Though the instrumentation and lineup have evolved, the band’s jug spirit remains. Since 2001, QCJB features multiple vocalists with mandolin, guitar, accordion, stand-up bass, harmonica and, of course, tap dancing. The repertoire includes original arrangements of standards (Choo Choo Ch-Boogie, It Don’t Mean a Thing if it Ain’t Got That Swing), songs to listen and laugh to (Dance Around in Your Bones, My Dog Loves Your Dog, Intelligent Design) and a handful of originals (Poultrygeist, Lunch with Jesus). Greetings from Quake City was released in 2006.
QCJB is hard at work this summer recording its third CD: Cordon Bleu, available early fall 2010.
QCJB‘s current lineup has been together since 2001. The band is a quartet, but most often performs with one or more of their favorite guest artists.

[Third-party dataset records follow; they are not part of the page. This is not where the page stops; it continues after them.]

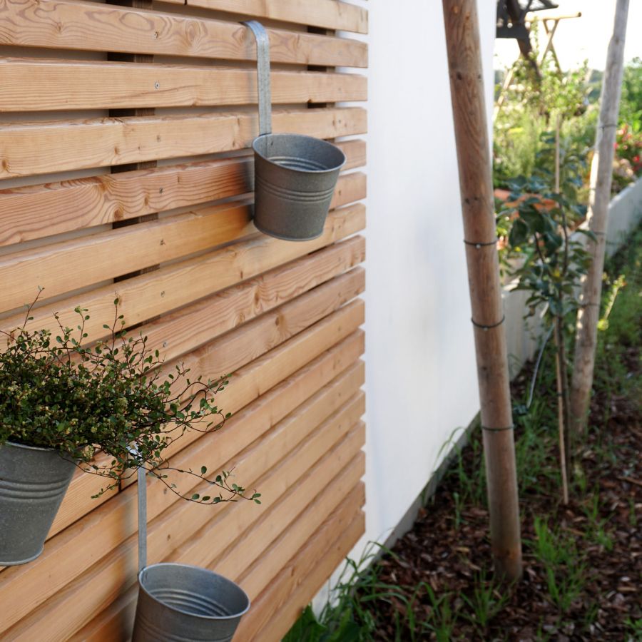 Darüber hinaus wurde die Garagenwand des Nachbargrundstückes mit Holzelementen und Spalierobstbäumen verziert.
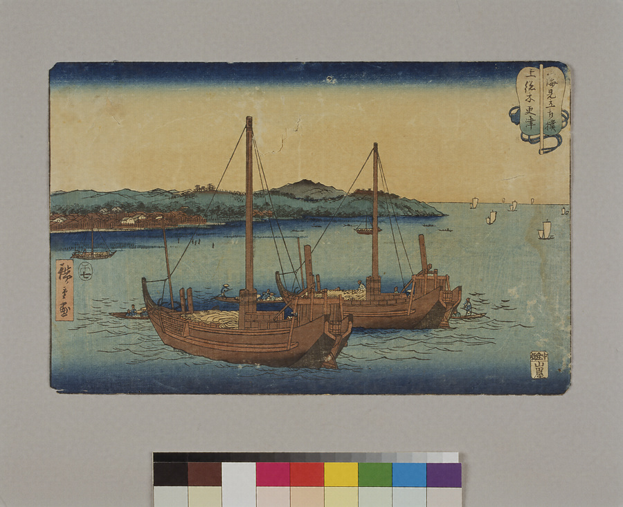 (版画)山海見立相撲上総木更津(初代広重画)
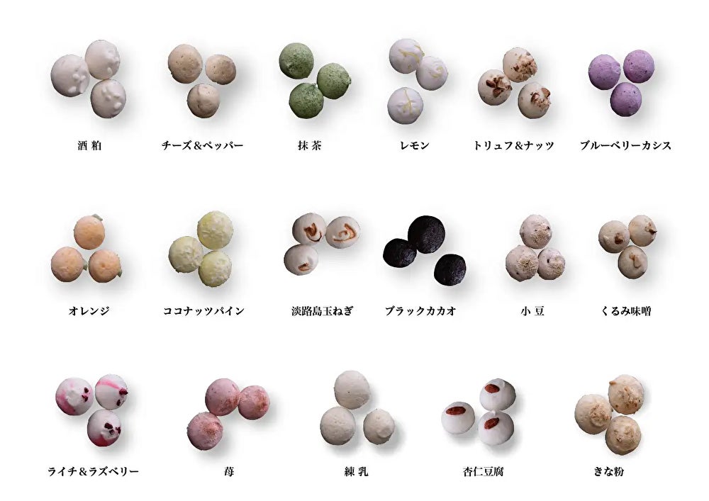 「酒粕」「チーズ&ペッパー」「抹茶」「レモン」「トリュフ&ナッツ」「ブルーベリーカシス」「オレンジ」「ココナッツパイン」「淡路島玉ねぎ」「ブラックカカオ」「小豆」「くるみ味噌」「ライチ&ラズベリー」「苺」「練乳」「杏仁豆腐」「きな粉」の全17種がラインアップしている。価格は各10個入/330円(税込)。
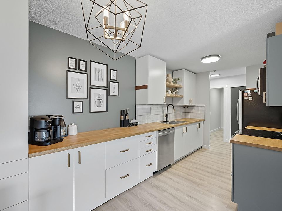 New floorsOpen floor planUpdated white kitchenExtra cupboardsSleek countertopsIn-suite laundrySpacious balcony

Natasha Haugnes — vocals, tap dancing, guitar, snare drum, washboard
Myron Grossman — stand-up bass, harmonica, vocals
Steve Scott — mandolin, vocals, stand-up bass
John Tuttle — guitar, accordion, vocals
Recent honorary QCJBers include Doug Cross (saxophone, vocals), Ted Silverman (mandolin, guitar), Michael Schwartz (guitar), Kerry Parker (fiddle), Victor Landweber (guitar), Mark Gagliardi (guitar, harmonica, vocals), John Bidwell (dobro) and Jeff Terflinger (fiddle).